Doordat de tussenkomst van het OCMW inzake het referentieadres een specifieke vorm van maatschappelijke dienstverlening is, dient verwezen te worden naar de bevoegdheidsregels van de wet van 2 april 1965 betreffende het ten laste nemen van de steun verleend door de openbare centra voor maatschappelijk welzijn.

    De bepaling van het bevoegde OCMW zal verschillen naargelang de toepasselijke bevoegdheidsregel.

    Overeenkomstig de bevoegdheidsregel van de dakloze is het bevoegde OCMW dat van de gemeente waar de dakloze zijn feitelijke verblijfplaats heeft op de datum van de steunaanvraag, behoudens uitzonderingen.

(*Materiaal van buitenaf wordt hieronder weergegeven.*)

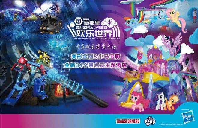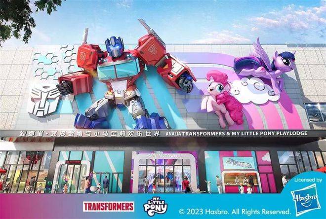 由爱那里娱乐集团与全球品牌娱乐公司孩之宝合作开发的爱那里·变形金刚与小马宝莉欢乐世界,近20,000平方米的三层超大玩乐空间布局,两大IP故事线贯穿了34个主题场景空间、21个游乐互动项目和10大王牌体验。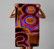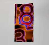 Questo intenso poster fonde estetica glitch, tipografia infuocata e una palette di colori vibranti. I numeri, distorti e aureolati in rosso, arancione, blu elettrico e nero profondo, sembrano fluttuare in uno spazio astratto e saturo di calore visivo.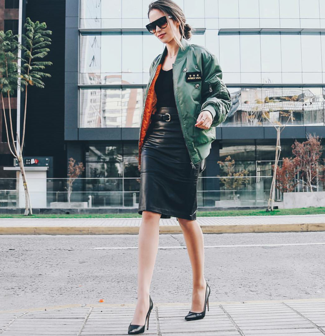 - Recuerda que vivimos en tiempos de grandes contrastes. No pienses solo usarla con jeans. Atrévete a mezclar tu bomber con un look formal, como una falda lápiz, por ejemplo. Esa podría ser una excelente idea. ¿Te atreves?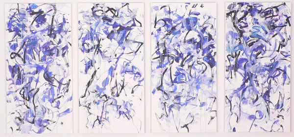 4 pieces. Blues, lavender, black with a lot of white space. Lighter colored drips throughout. 2 drips on L and one on R go from TL and TR to bottom edge. Verso. Signed on back TL: Neltje 3/05. Stamped on CL stretcher bar: <symbol> DEAD <symbol> STRAIGHT. Next in C: 33A/2005. Next on CR: BREEZE DANCE A.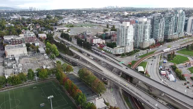 Drone shot of Vancouver skytrain, football field and highway on the bridge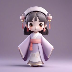 A single minimalist anime character kawaii chibi Characters, full body Standing Photo, ancient Chinese fairy with pink flowing robes and ornate hair accessories, standing on a tiny cloud. Octane render, 3D render, Cute, Pop Mart style, blind box collectible. Soft studio lighting, high detail, C4D, 8k, ray tracing. Pastel colors, Clay texture. Solo, expression is ethereal and cute. Clean, simple, solid lavender background.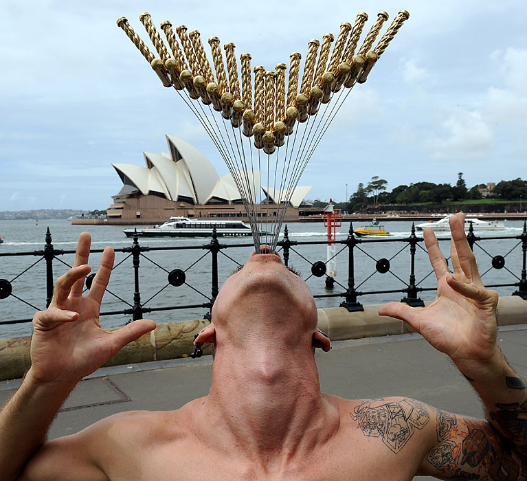 2月8日,街头艺人Chayne Hultgren在澳大利亚悉尼海港大桥前,一次吞下18把厚约1.3厘米,长约50.8厘米的长剑,刷新了吉尼斯世界纪录。图片来源:中国新闻网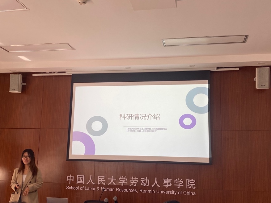 张颖同学从科研情况概述、论文发表情况、研究论文展示和未来研究计划四个方面进行了分享。张颖同学的研究兴趣主要聚焦于领导幽默和员工主动性,目前已在《心理学报》、《Journal of Business Research》等多个期刊上发表文章。她重点介绍了其中一个研究——同事主动行为如何激发员工动机和绩效,详细阐述了研究动机、理论模型、主要结论和研究贡献等方面。张颖同学表示,在未来将进一步深化领导幽默研究,探讨领导幽默风格的形成和作用机制,也会关注成功老龄化、人工智能对员工的机遇和威胁等主题。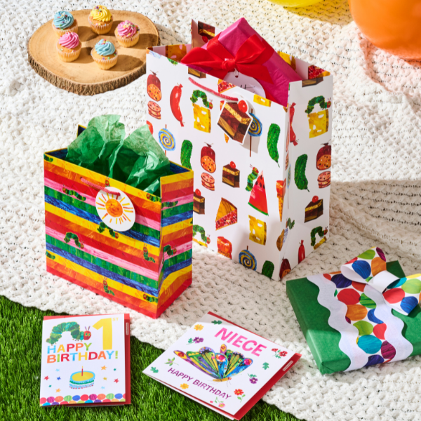 Celebrate special moments with the beloved charm of The Very Hungry Caterpillar. Featuring Eric Carle’s iconic illustrations, these gift bags bring playful colour and timeless joy to every present. Perfect for birthdays, baby showers, and family celebrations, they make gifting as delightful as the story itself!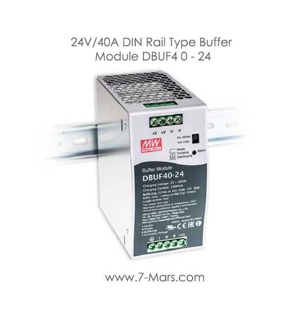 The DBUF40-24 buffer module is a supplementary device for regulated DC 24V power supplies. The buffer module utilizes maintenance-free electrolytic capacitors to store energy,thus eliminates the need of periodic replacement as compared to costlier batteries which also have shorter functional life span. The DBUF40-24 comes with comprehensive protection features like over voltage, over current and short circuit protections. Buffer modules can be connected in parallel to increase the output ampacity or the hold-up time.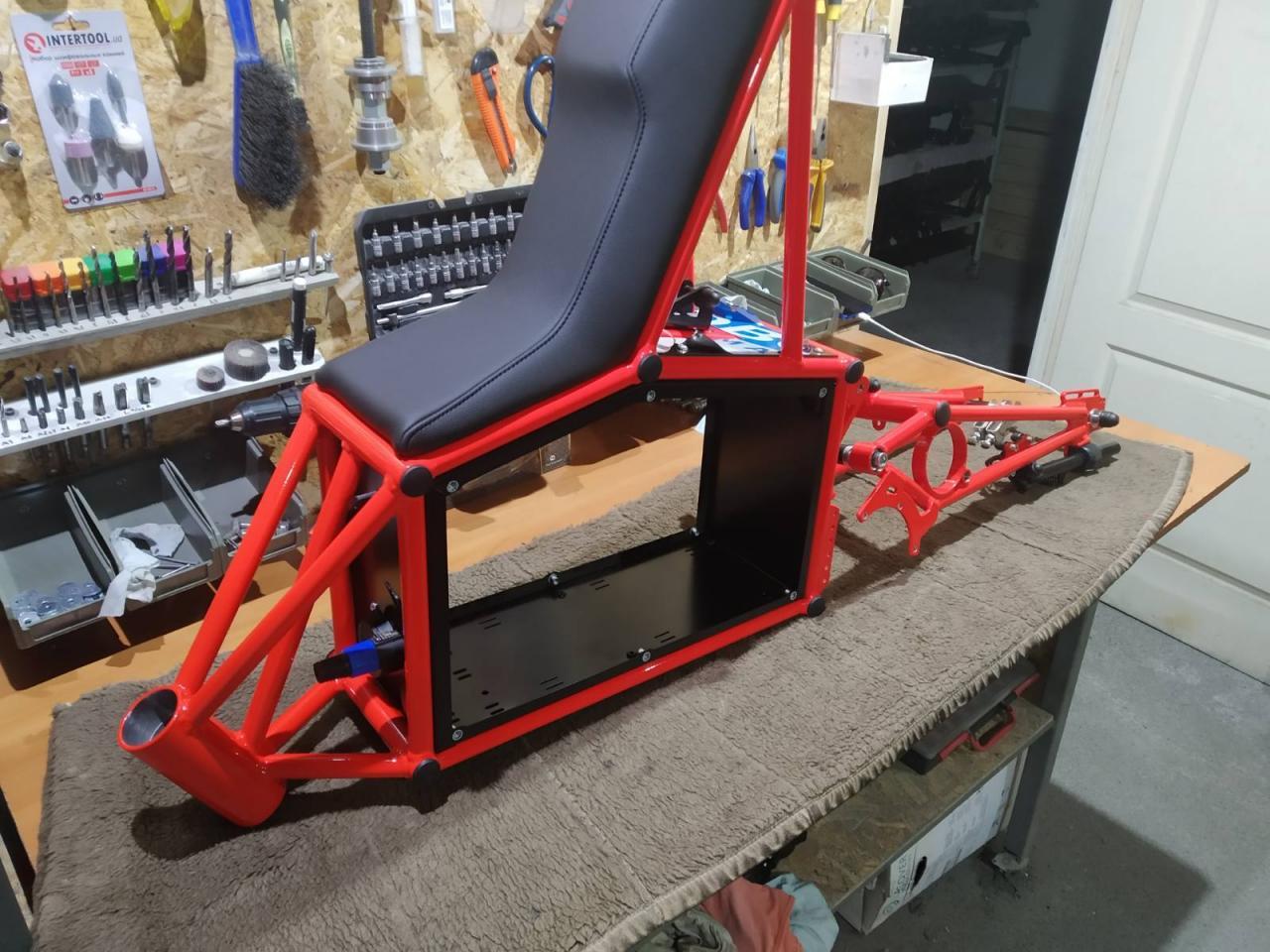 Ты просто лепишь детали, или понимаешь что делаешь? Какая у тебя масса мота с и без ездока 75кг? Где центр масс мота без ездока, центр масс ездока и совокупный? Понимание кинематики есть, или просто велосипед с мотором?
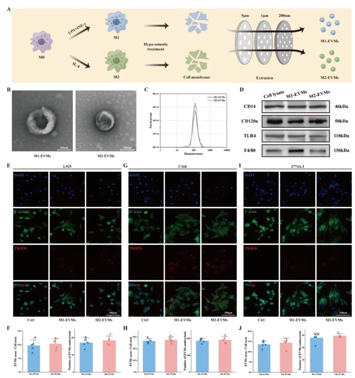 2. M2巨噬细胞源细胞外囊泡模拟物(M2-EVMs)的制备与表征,利用膜挤压技术结合超声破碎和梯度离心,制备了M1/M2-EVMs,并通过HR-TEM、NTA及蛋白质印迹分析其结构和成分。结果显示,M2-EVMs呈圆形囊泡结构(粒径约100 nm),高表达M2标记蛋白(如CD206、Arg1),低表达促炎蛋白(如TLR4),且能被成纤维细胞、内皮细胞和巨噬细胞有效摄取(6 h内摄取率>70%)。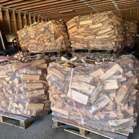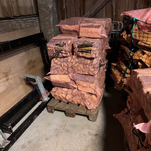 40 sekker med tørr blandingsved til salgs. For det meste furu og gran. Sekkene er 40 liter
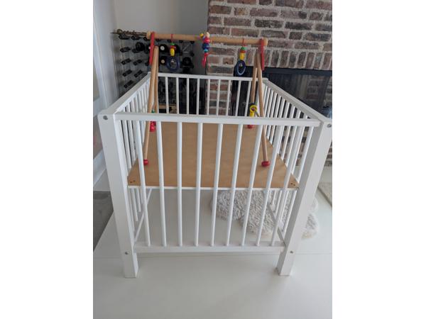 Gebruikte baby box, kleur wit, 95Lx60Bx80H cm. Enkel wat gebruikssporen bij de randen maar kan makkelijk nog een ronde mee.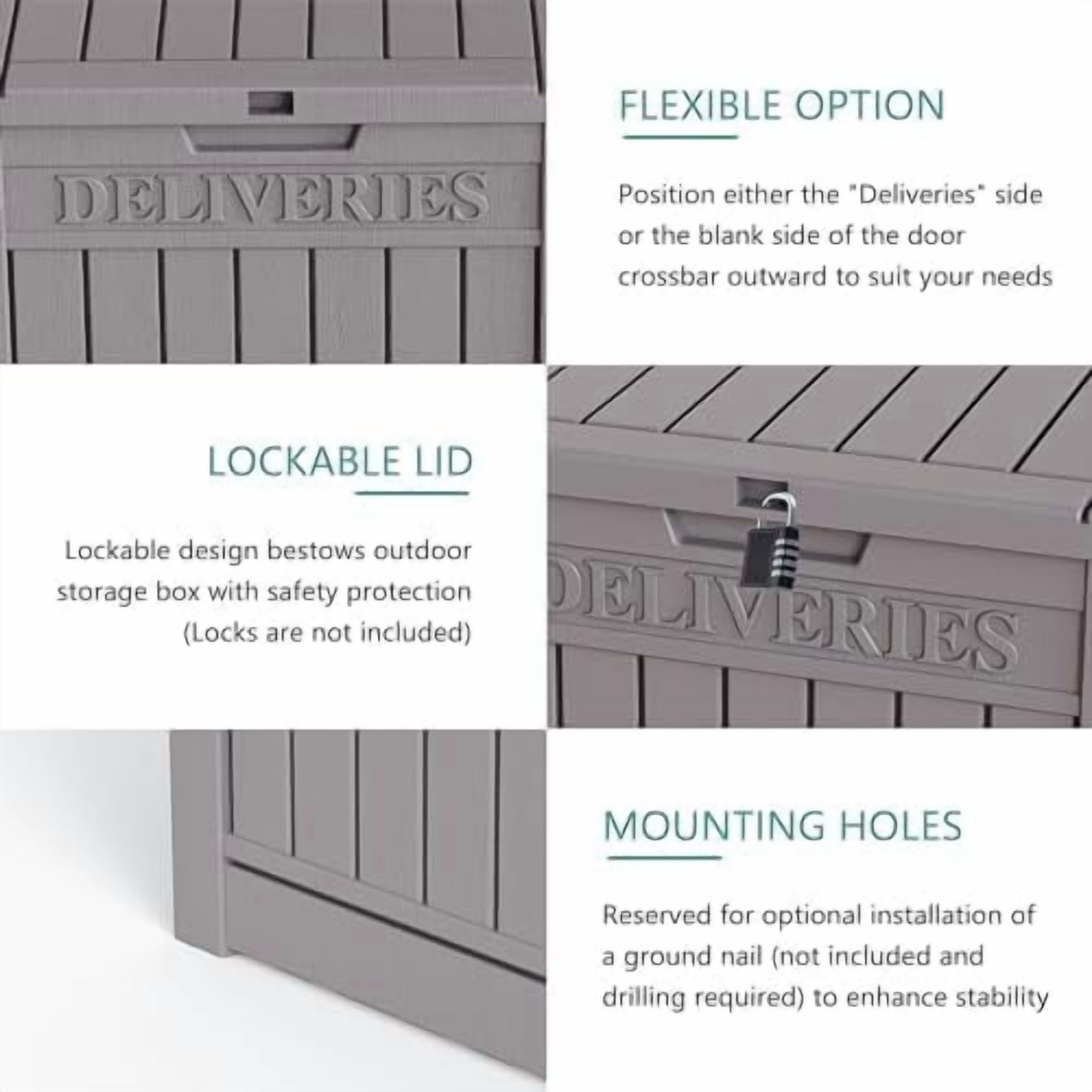 Aesthetically pleasing and practical – The carefully designed wood grain exterior not only adds to the beauty of your home décor, but also the “DELIVERIES” logo is clearly visible, making it easy for the courier to deliver accurately and adding a sense of warmth to your home environment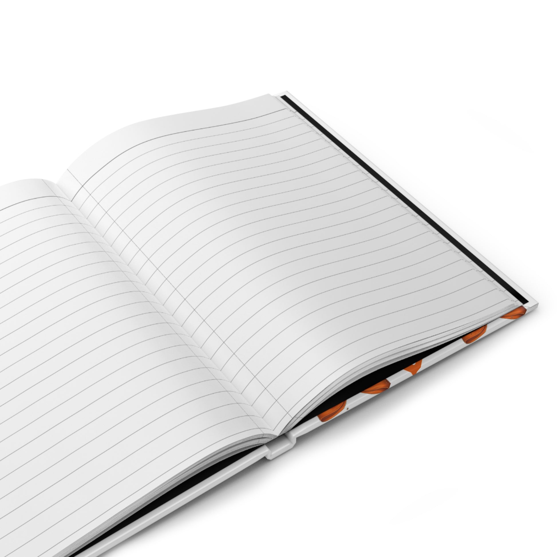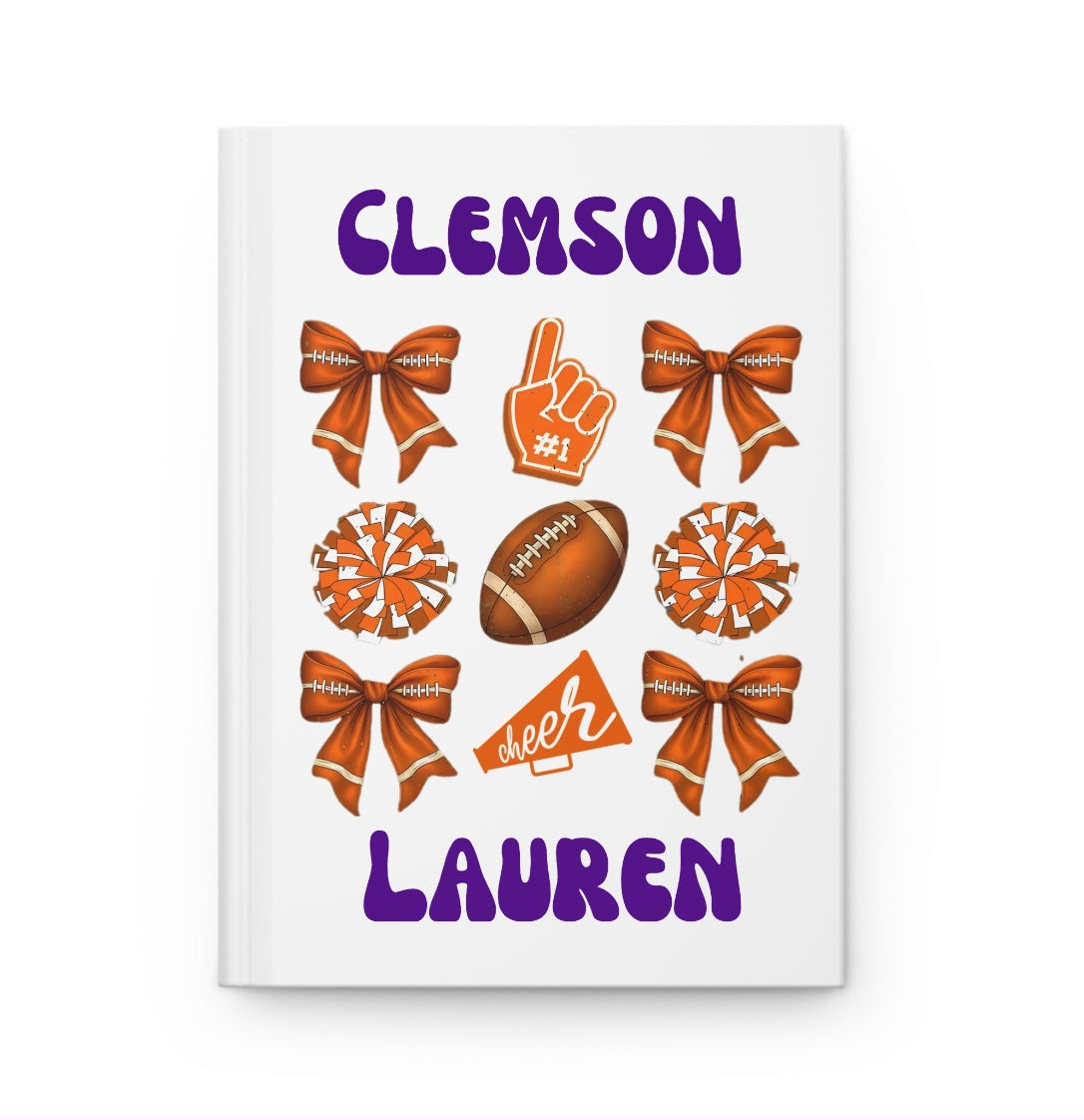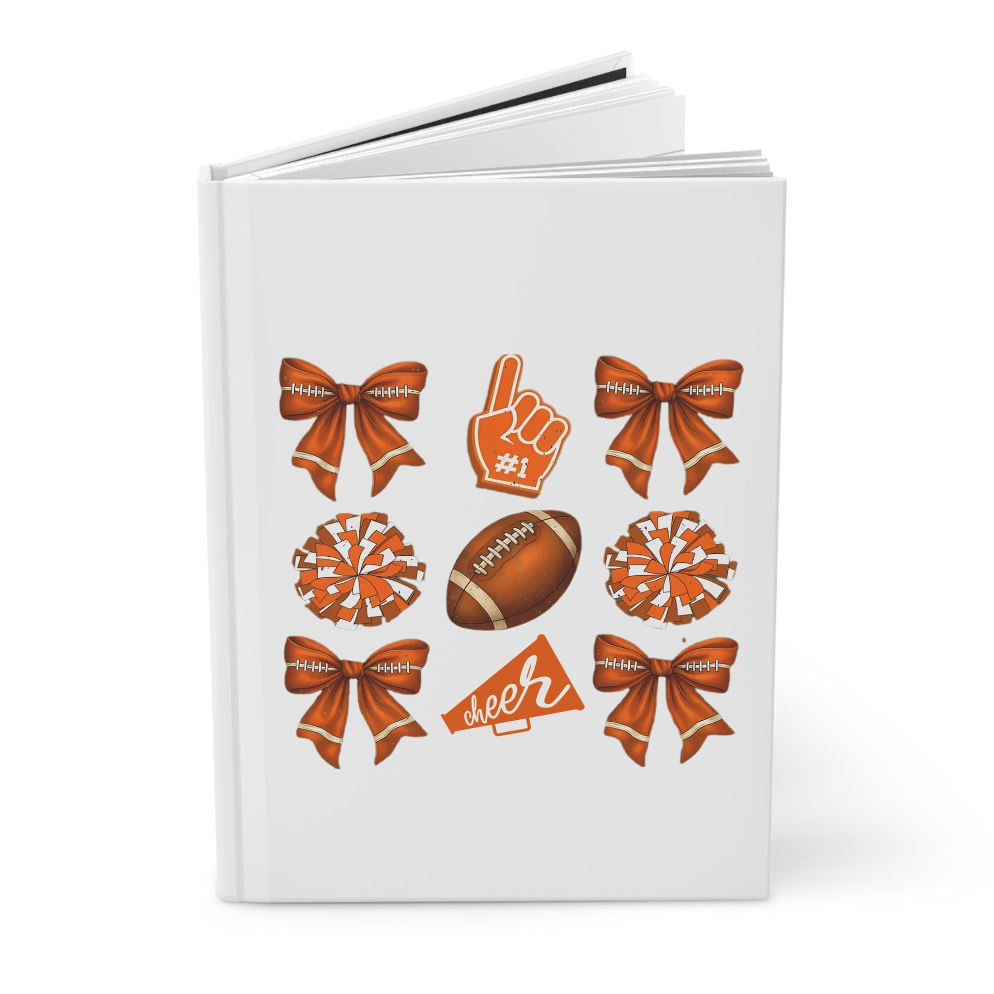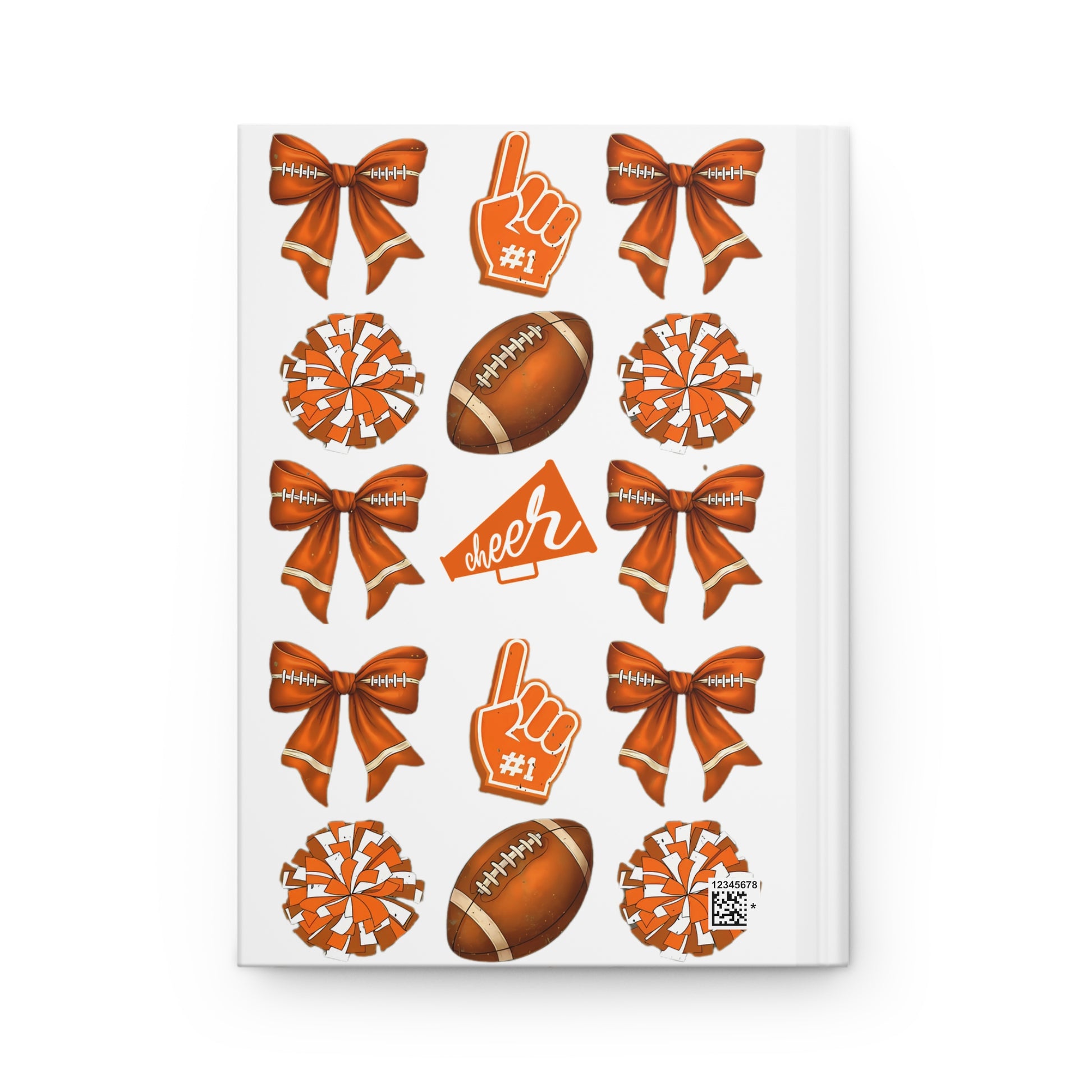 Customizable cheer, football, bow orange-themed journal perfect for high school grad gifts, cheerleaders, college care packages, football fans. Gives off a vibrant and energetic vibe, fitting perfectly into the lives of students, cheerleaders, and football enthusiasts. Relevant for back-to-school, graduation, college send-off, football season.

    In geval van een aanvraag tot een referentieadres bij een natuurlijke persoon, is het adres van deze natuurlijke persoon dus niet bepalend voor de bevoegdheid van het OCMW.

    Wanneer een OCMW een steunaanvraag ontvangt waarvoor het zich onbevoegd acht, dient het deze aanvraag schriftelijk over te maken binnen de vijf kalenderdagen aan het volgens hem bevoegd OCMW. Binnen dezelfde termijn wordt de aanvrager hiervan in kennis gesteld.

    Wanneer dit tweede OCMW zich ook territoriaal onbevoegd verklaart, moet door dit OCMW een verzoek worden ingediend bij de POD MI om ten voorlopige titel een beslissing te nemen in dit bevoegdheidsconflict. De POD MI zal binnen de vijf werkdagen een beslissing nemen over welk OCMW deze steunaanvraag op zich dient te nemen.